Learning to Recognize Element Spectra

Recognizable Common Metals

Now for two of the easiest metals to recognize, and one very common metal that actually has some imitators:



Copper.


Zinc.


Iron.

Copper: Copper is known as a red (really brownish pink) metal that makes green flames, green sparks, and green oxide. The last of these is a coincidence, but copper does indeed emit a distinctive grouping of green lines. Visually it appears to be three lines, although more lines can be resolved with sensitive equipment. Additionally, two greenish-yellow lines complete an easily recognizable pattern, which is then rounded out by various fainter blue and red lines.

Zinc: Zinc sorta looks like someone took copper's spectrum and spread it out more. Like copper, zinc has a trio of beautiful bright lines, except they're azure instead of emerald. Zinc's red line is as distinctive as copper's yellow lines. The photo actually depicts the spark spectrum from two galvanized bolts. Consequently, some very faint iron emission may be visible. The important thing for the sake of zinc is the pattern of blue and red.

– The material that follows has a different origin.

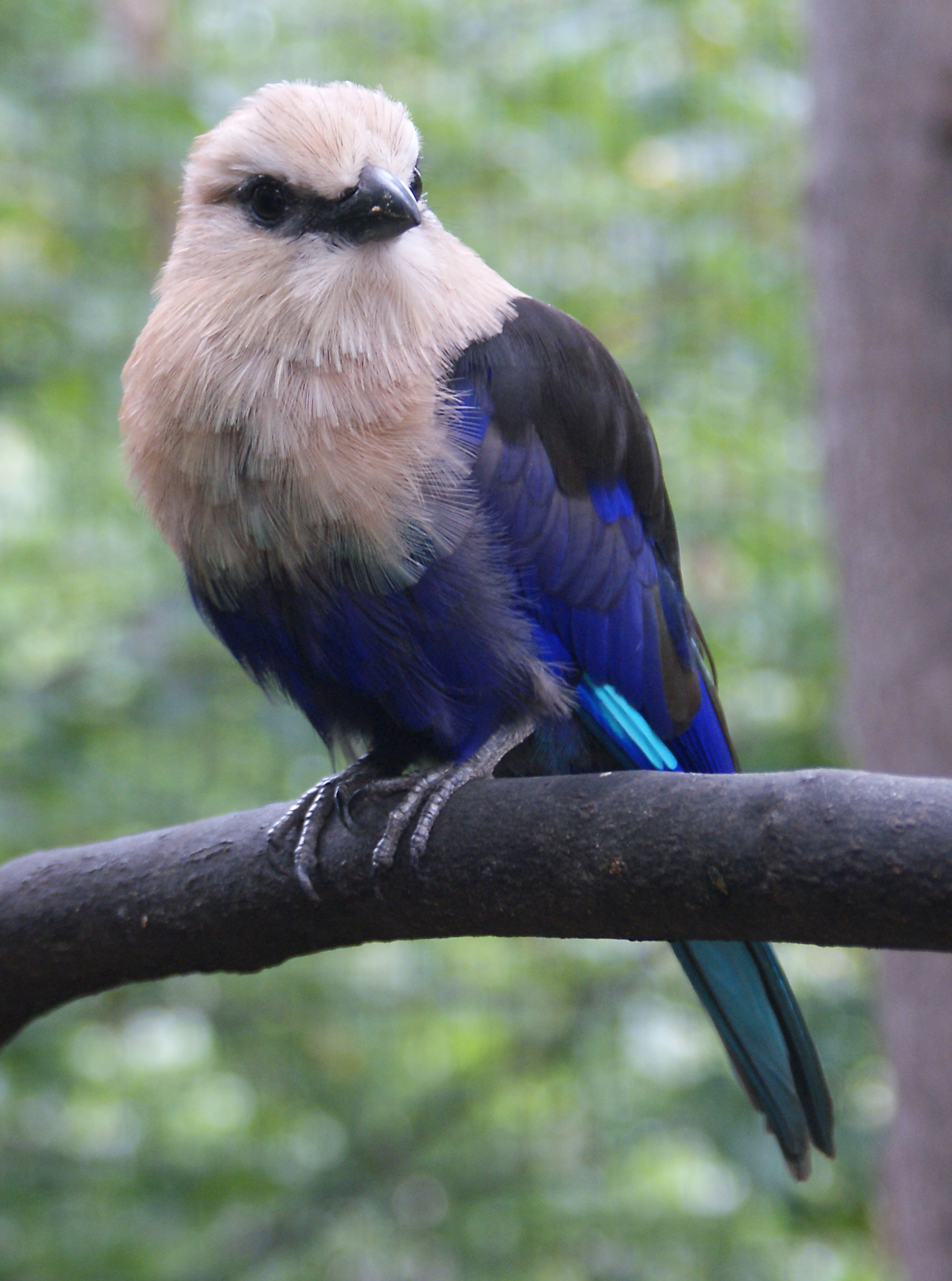 Blue-bellied Roller, Coracias cyanogaster

Iron: Iron is what I'll call a darned many lined spectrum dominated by greens and blues, or DMLSDGB. Nah, too many letters. Okay, how about just darned multi line. DML. Several elements are DMLs, and it can be easy to confuse them. Botany enthusiasts who observe plants in the wild complain about darned yellow composite (DYC) and darned white composite (DWC) flowers, so called because there are so many species that look similar and can be difficult to tell apart. Fortunately, there are interspecific differences between DYC and DWC plants (how else would they be resolved as different species?), and similarly, there are interelemental differences between DMLs. Every element's spectrum is like a unique fingerprint, even DML elements. In the case of iron, look for the violet gap, a region around 435nm with no bright lines. Other elements that look superficially similar, lack this violet gap, or have their violet gap at some other wavelength with a different pattern of bright lines surrounding it.